Creating a dictionary from log file records

Fri Feb 16 13:11:18 EST 2001

In article <mailman.982341324.16674.python-list at python.org>,
	"Sean 'Shaleh' Perry" <shaleh at valinux.com> wrote:
>
> On 16-Feb-2001 Roy.Culley at switzerland.org wrote:
>> I'm new to python and am trying to convert a perl script which analyses
>> firewall logs to python as a learning exercise.
>> 
>> The log files contain lines of multiple key / value pairs such as:
>> 
>>     interface qfe0 proto tcp src 1.1.1.1 dst 2.2.2.2 service smtp \
>>         s_port 44008 len 44 rule 7
>> 
>> Not all records are the same and the key / value pairs are not at
>> fixed positions. In perl, assuming the line is in $_, I can do:
>> 
>>     %Rec = split
>> 
>> Is there an equivalent simple way to do this with python? I've done
>> it by converting the data into a list and using a while loop to set
>> the dictionary entries. However, the log files have about 4 million
>> entries per day so I need something that is fast.
>> 
> 
> so for every line in the file, you create a temporary perl hash.  What do you
> do with the hash?  generating a new hash for every line can not be but so fast.

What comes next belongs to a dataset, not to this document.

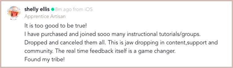 “It is too good to be true! I have purchased and joined sooo many instructional tutorials/groups. Dropped and canceled them all. This is jaw dropping in content, support, and community. The real-time feedback itself is a game changer. Found my tribe!”
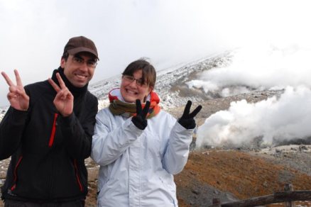 Aquest matí hem agafat un funicular per pujar al cim del Asahidake, la muntanya més alta de l’illa de Hokkaido. Només arribar a dalt ens ha començat a nevar, però el dia ha sigut capritxós i al cap d’una estona ha sortit el sol. Hem fet una ruta a peu durant dues hores contemplant llacs i fumeroles de volcans. Quina pudor a sofre!! Però que espectacular!!!

On a Sun E250 with a single 300MHz processor the perl script can
process a days log of 3.5 - 4 MB in a little over half an hour. From
the hash I make lots of other hashes which I then use to produce a log
report with many different types of summary data. For example,
services by IP source address, destination address (both accepted and
dropped connections), connections by src addr + dst addr + service,
etc. These are all in hashes. Many different combinations. This
enables us to see quickly scans (both IP addr and port), what services
are used most (helps order firewall rules), etc. It is quite a simple
perl script and most of the time is spent sorting the hashes and
producing the report. The initial data extraction into the hashes is
very fast.